Member of the Pennsylvania House of Representatives from the 168th district
- In office June 30, 2003 – May 11, 2016
- Preceded by: Matt Ryan
- Succeeded by: Christopher B. Quinn

Personal details
- Born: June 19, 1957 (age 69) Philadelphia, Pennsylvania
- Party: Republican
- Alma mater: Pennsylvania State University

= Tom Killion =

American politician

Thomas H. Killion (born 1957) is an American politician. A Republican, he was a member of the Pennsylvania State Senate for the 9th Senatorial District from 2016 until 2020. He previously served as a member of the Pennsylvania House of Representatives for the 168th district from 2003 to 2016.

==Early life and education==
Killion was born in Philadelphia, Pennsylvania and graduated from Cardinal O'Hara High School in 1975. He received a B.S. in criminal justice from the Pennsylvania State University in 1979.

==Political career==

=== Early career ===
Killion served as a fraud investigator with the Pennsylvania Department of Revenue and later founded his own pension advisory firm, InR Advisors. In 1990, he became the campaign chairman for Rep. Curt Weldon and worked in that capacity through 2003.

He was elected as a member of Delaware County Council in 1991 and served from 1992 to 2000 including as Chairman.
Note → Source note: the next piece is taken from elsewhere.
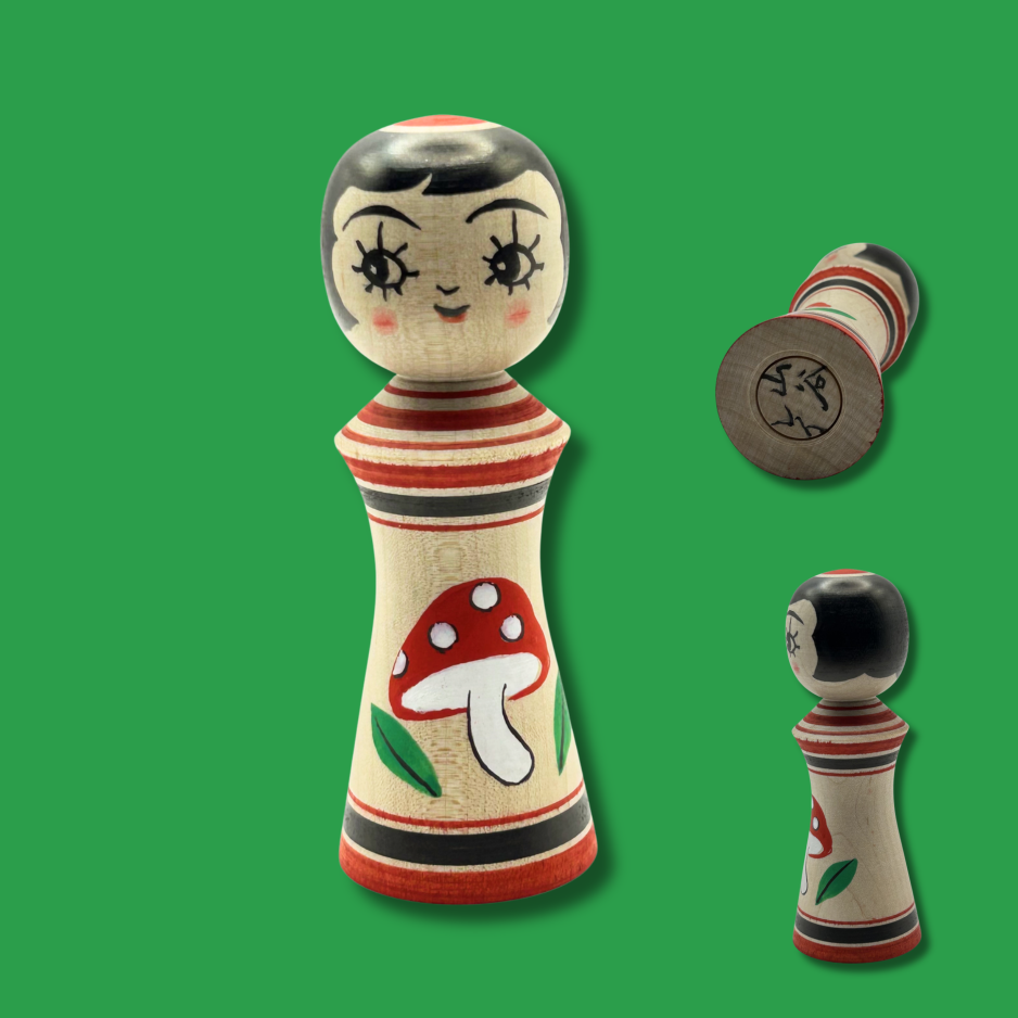 Petite Kokeshi champignon NEUVE signée par Yamaya Rei.

=== Pennsylvania House of Representatives ===
Killion was elected to the Pennsylvania House of Representatives for the 168th district in 2003. He defeated William Thomas in a special election to succeed former Pennsylvania House Speaker Rep. Matt Ryan, who died of leukemia earlier that year. He was re-elected to six consecutive terms until his resignation on May 10, 2016.
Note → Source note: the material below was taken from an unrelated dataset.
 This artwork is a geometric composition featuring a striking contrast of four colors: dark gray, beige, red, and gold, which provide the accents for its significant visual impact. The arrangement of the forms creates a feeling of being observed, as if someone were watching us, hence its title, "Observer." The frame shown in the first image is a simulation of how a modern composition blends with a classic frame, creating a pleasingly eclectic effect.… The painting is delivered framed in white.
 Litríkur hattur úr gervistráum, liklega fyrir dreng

Killion announced plans to run for Lieutenant Governor on December 4, 2009. He ended his campaign for that position on January 8, 2010, and announced plans to once again run for the State House in 2010.

=== Pennsylvania State Senate ===
He was elected to the Pennsylvania State Senate for the 9th Senatorial District in a special election on April 26, 2016 to replace Dominic Pileggi and was sworn into office on May 11, 2016.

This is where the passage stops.